The course is designed for a maximum of 20 participants. The course is open to archaeologists, architects, conservator-restorers, conservation scientists, engineers and other professionals involved in stone conservation, preferably with at least five years of practical working experience in the field.
Preference will be given to heritage conservation professionals in the public sector, teachers involved in the practical training of conservation professionals, and those in a position to disseminate and leverage the knowledge gained during the course to a wider audience.
Teaching staff will include an internationally recognised group of heritage conservation professionals who will represent a diverse array of perspectives based on their specialized expertise and their regional contexts.
The course will be conducted in English. Candidates must have a thorough technical knowledge and command of English. A certificate of language proficiency may be requested.
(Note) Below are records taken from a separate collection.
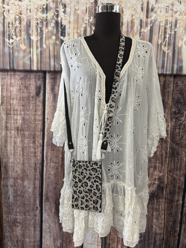White With Turquoise Cell Phone Crossbody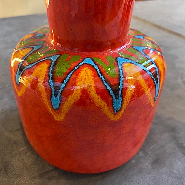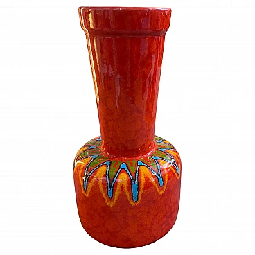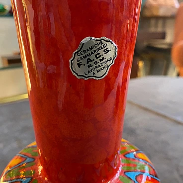 A red veraci vase designed and hand-crafted in San Marino in the Fifties, it's in perfect condition overall. It is a vibrant and eye-catching piece of ceramic art. Hand-painted in bold and vivid colors, the vase features a striking combination of red, yellow, and blue. The design is abstract, typical of mid-century modern aesthetics, which emphasizes clean lines and dynamic patterns. The vase's form is elegant yet simple, showcasing the era's preference for functional yet stylish decor. The craftsmanship of the vase reflects the high quality associated with San Marino ceramics, known for their meticulous attention to detail and artistic flair. The glaze finish gives the vase a glossy and smooth surface, enhancing the depth and richness of the colors. This vase is a stunning centerpiece or decorative item in any modern or retro-themed interior, adding a pop of color and a touch of mid-century charm.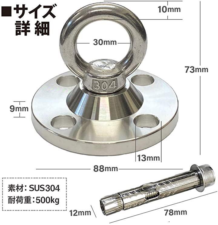 素材:SUS304(クロムステンレス)耐荷重:500kg直径:88mm 底厚み:9.0mm穴径:13.0φmm内容物・フック金具・コーチスクリューx4本・アンカーx4本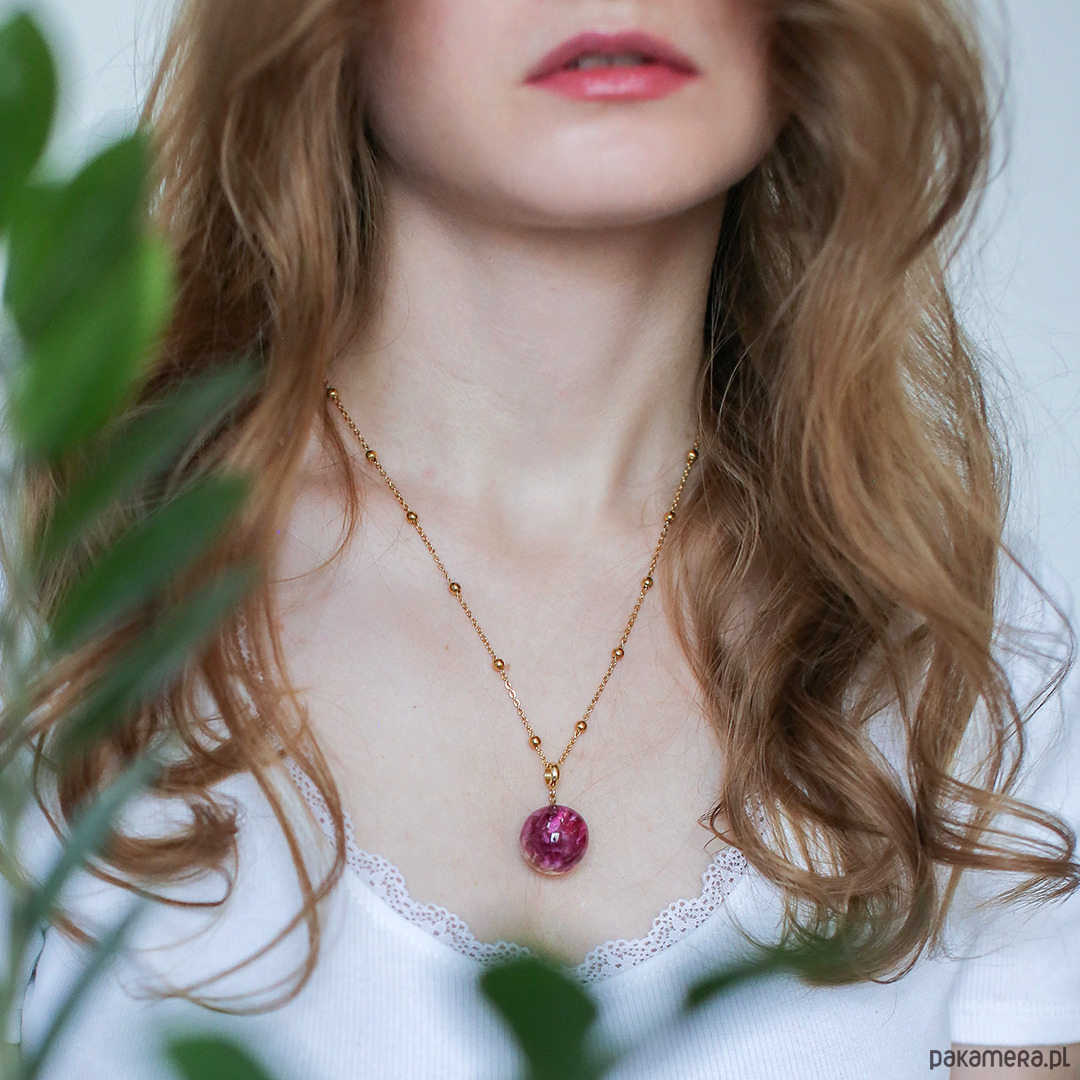 Wisiorek wykonany jest z żywicy epoksydowej z wykorzystaniem suszonych kwiatów. Metalowe elementy to stal nierdzewna szlachetna chirurgiczna.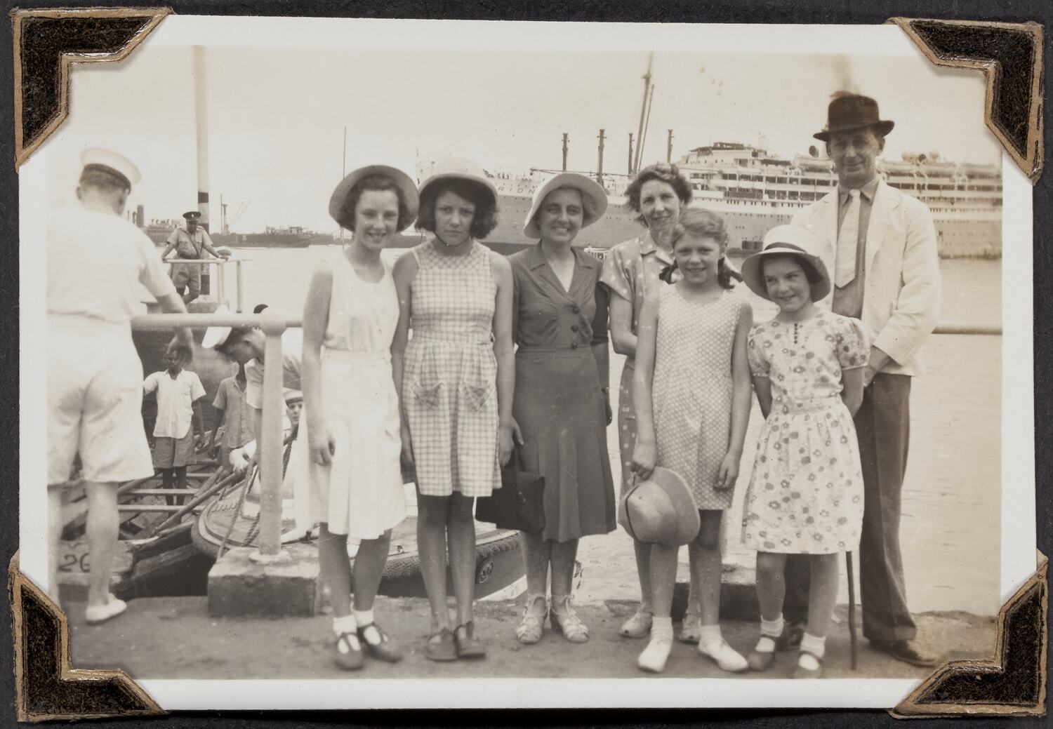 Black and white photograph titled 'On shore with Godfrey family', it shows the Palmer and Godfrey families standing in front of a ship, taken 9 March 1947. It is part of a leather-bound photo album created by George Palmer during his migrant voyage from England to Australia on the RMS Orion in 1947. George migrated to Australia with his wife Gertrude and their two daughters, Shirley and Lesley.

A certificate of attendance will be awarded to participants who satisfactorily complete the course and have attended at least 90% of all course activities.
900 € (Euro)
Travel, accommodation and living expenses
Participants will be responsible for their round-trip travel costs to and from Campeche. In order to cover accommodation and living expenses in Mexico during the course, participants should plan for a minimum allowance of ca. 1,500 € for the entire period.
Candidates are strongly encouraged to seek financial support from sources such as governmental institutions, employers and funding agencies. Depending on the availability of funding, the course organizers may be able to offer a limited number of scholarships to selected candidates who have been unable to secure funding.
- Portrait photo (allowed formats: gif, jpg, jpeg, png, tif, tiff, with a maximum file size of 3 MB)
- Official endorsement (allowed formats: pdf, doc, docx, jpg, jpeg, png, tif, tiff with a maximum file size of 5 MB)
- A full professional curriculum vitae. (Allowed formats: pdf, doc, docx with a maximum file size of 5 MB)
- A brief report (3-5 pages) answering the following questions:( allowed formats: pdf, doc, docx, with a maximum file size of 5 MB)
- Describe the organization you work for and its role in stone conservation in your own country. What kinds of stone heritage is your organization responsible for – built (immovable), collections (moveable), archaeological or other heritage?
- Describe a conservation project involving stone conservation for which you are or have been actively involved. Include the appropriate contextual background (objectives, partners, support, etc.), a description of difficulties encountered, and the strategic responses developed.
- In addition to the project described above, what other case studies might you be able to share during your participation in the course?
- What do you consider your major achievement in stone conservation? Please describe what you did and why it is important to you.
- Please note that your personal statement in the application form is a fundamental requirement. You are expected to write: “Why you are applying to this course, what you hope to learn from it, and how it will benefit your professional development and your institution.”